I'm still not fluent but 4 are too many.
Adam
Hi
I found this code is pretty hard to understand. I have learned it for more than a week, but made little progress. I measured the cross core IPC cost, and from the result, it looks like there is only two IPIs, at least for simple data-only IPC. But I cannot make sure this based on the code. Could you give me more hints about this?
Thanks so much,
Best
On Tue, Jul 1, 2014 at 5:44 PM, Adam Lackorzynski <adam@os.inf.tu-dresden.de
wrote:
On Fri Jun 27, 2014 at 10:21:38 -0400, Yuxin Ren wrote:
Thank you very much. I have a further question. For simple data-only IPCs, do we still need 4 IPIs?

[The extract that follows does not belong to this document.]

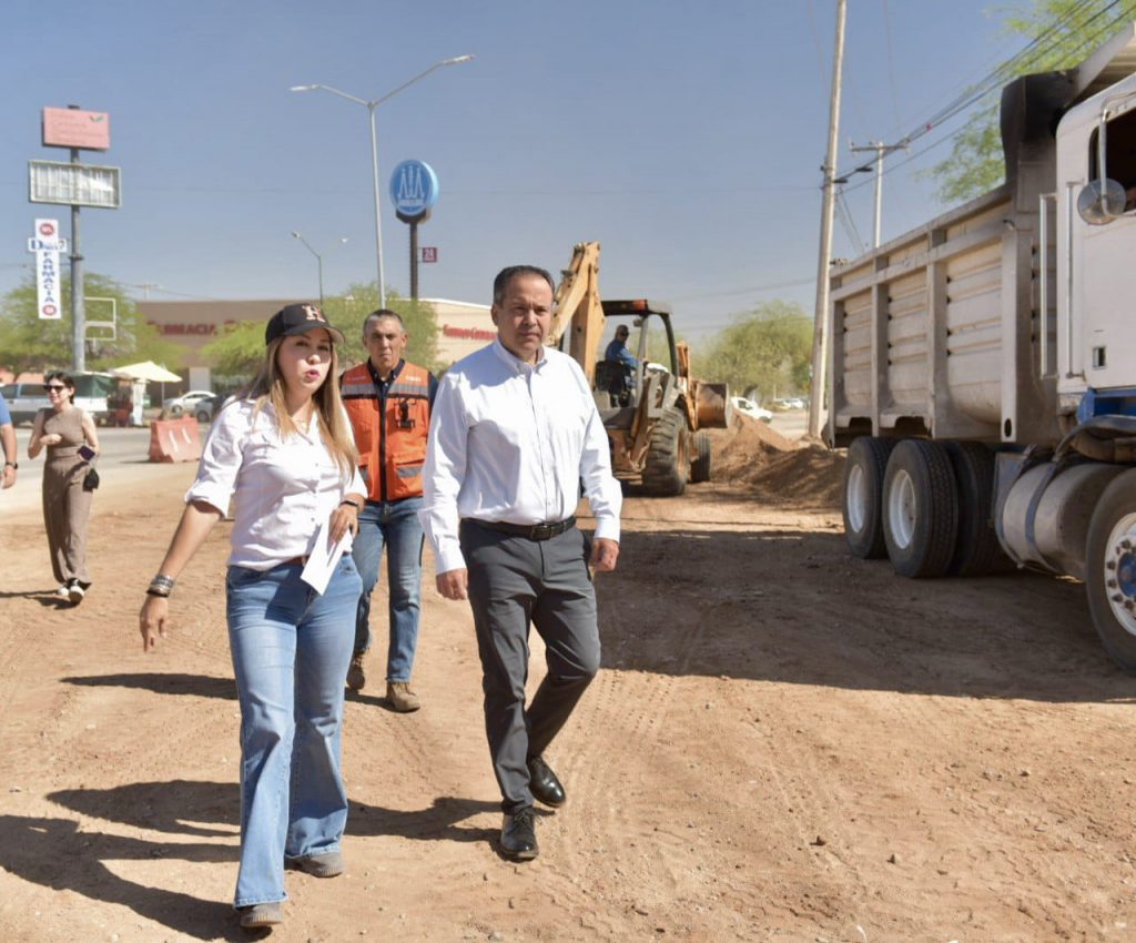 Hermosillo, Sonora.- El Presidente Municipal Antonio Astiazarán Gutiérrez constató los avances en la rehabilitación del bulevar Cimarrón con pavimentación a base de concreto hidráulico.

I'm still not fluent but 4 are too many.
Adam
Adam adam@os.inf.tu-dresden.de Lackorzynski http://os.inf.tu-dresden.de/~adam/
l4-hackers mailing list l4-hackers@os.inf.tu-dresden.de http://os.inf.tu-dresden.de/mailman/listinfo/l4-hackers
On Mon Jul 07, 2014 at 11:15:27 -0400, Yuxin Ren wrote:
I found this code is pretty hard to understand. I have learned it for more than a week, but made little progress. I measured the cross core IPC cost, and from the result, it looks like there is only two IPIs, at least for simple data-only IPC. But I cannot make sure this based on the code. Could you give me more hints about this?
I think you should be looking more closely at the DRQ functionality. Did you play with the logging options that are there (shift-O in jdb)? You can also add you own logs with "LOG_MSG(current(), "text");" or with some values using LOG_MSG_3VAL. You can then look at the trace in jdb via shift-T and thus follow what the code is doing.